Compassion, courage, and a desire to see behind the veil of what we are told about the people, places, and choices of women in this world, is what writer Melissa Coss Aquino hopes readers will take away after learning about her book “Carmen and Grace”.
I hope readers will be encouraged by Carmen and Grace, their courage and love for each other, and hopefully inspired to keep their own love alive, the spark within that makes us want to be and do beautiful and powerful things, even if we don’t always have. success,” says Coss Aquino.
The debut work of the Puerto Rican writer took three decades to make. When Coss Aquino was 23 years old, she began to think of a story: two teenage cousins in The Bronx, involved in the drug trade at a young age, a future they had not imagined and in which they must fight to realize their own dreams and ambitions.

“The idea came to me while I was walking down the Grand Concourse. It was 1993. She was twenty-three years old. I graduated from college in 1991. I had a new marriage, a newborn baby, a stressful job that I loved, and two teenage cousins who lived with me. It was a lot to navigate. I knew almost immediately that I didn’t have the maturity or the distance to write the story the way I saw it in my mind,” she recalls of the book’s beginnings.
It was not until 2020, when the pandemic and the loss of her parents and other relatives pushed her to write the story that had been going around in her head for many years, and that had just been published by the William Morrow publishing house, come true. .

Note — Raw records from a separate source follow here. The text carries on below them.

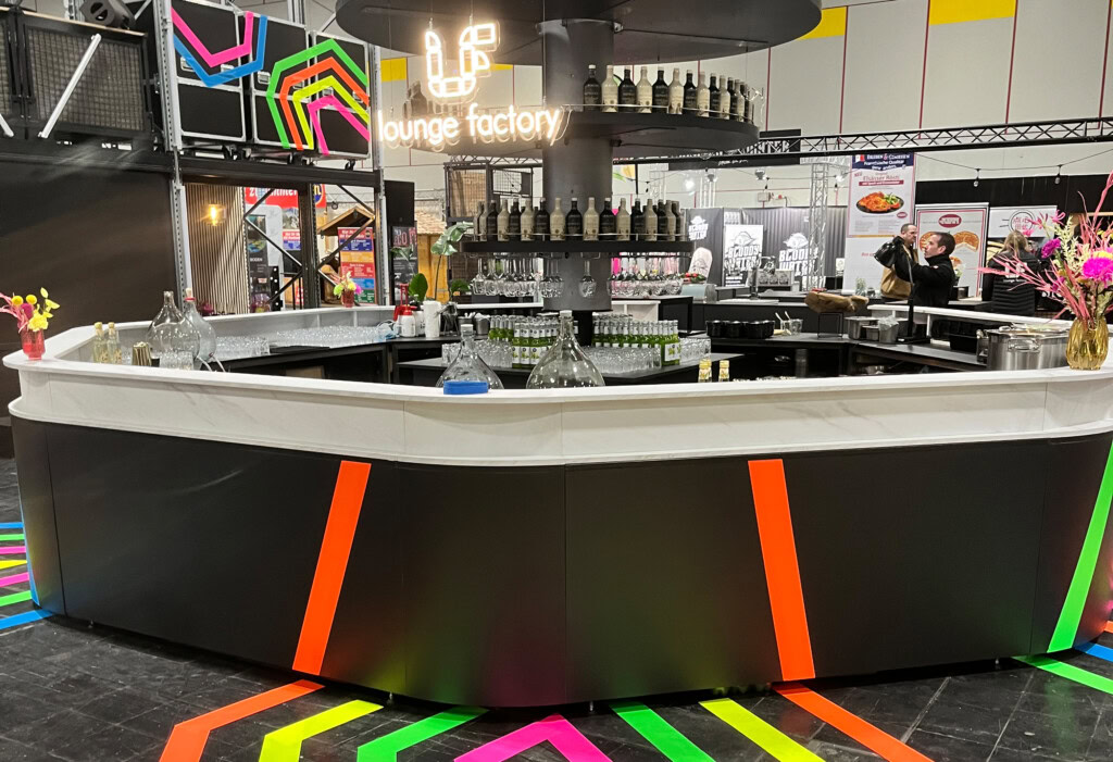 Arbeitshöhe höhenverstellbar von 84-104cm Höhe inkl. Trinkbrett 104-124cm. Individuell kann eine hängende Flaschenetagere zugemietet werden.
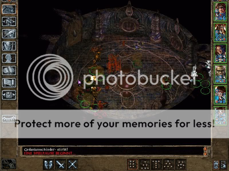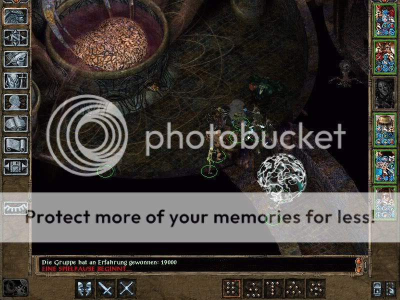 Something about general strategies, since I didn't describe the fights: I usually buff with prot from evil 3m, CC, death ward, (improved) haste, chant and bless for tougher battles, though I mostly protect Phobos, Aedan and Shakti, since I don't use the thieves too much unless there is an oppurtunity for traps or backstabs (they usually stay invisible until they are needed).
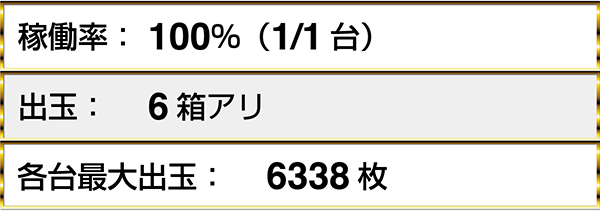 取材時にもっとも多かった獲得出玉は『パチスロ北斗の拳 転生の章』の6338枚。
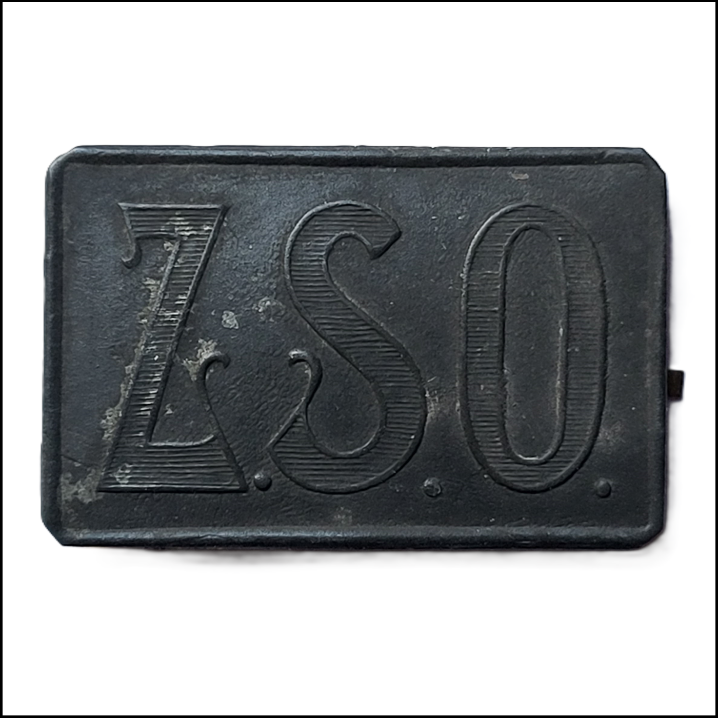 Trzecim znakiem jest prostokątny znaczek własnościowy (?) z literami „Z.S.O.” pośrodku. Na odwrocie przylutowana jest w dwóch miejscach zaginana wąska blaszka mosiężna.

The novel is a drama about the inextricable bond between two young women. Carmen and Grace have been inseparable since childhood, survivors of an upbringing marked by abandonment and addiction, until a woman named Doña Durka bursts into their lives and changes everything.
“The relationships between the characters are a different story. I think that each one has a pressure point along a part of the journey of discovering how to leave, or how to stay and survive, and how to differentiate love from fear as a reason to stay or leave”, explains the author with a PhD. in English from The Graduate Center, CUNY and is currently an Associate Professor at Bronx Community College.
A moving meditation on women’s choices and the legacy of violence, as tough and tender as its two main characters, Carmen and Grace.
“I was changed writing this book, and I hope it can touch readers the way it touched me,” concludes Coss Aquino, who is working on a memoir about the Bronx and Puerto Rico related to his family.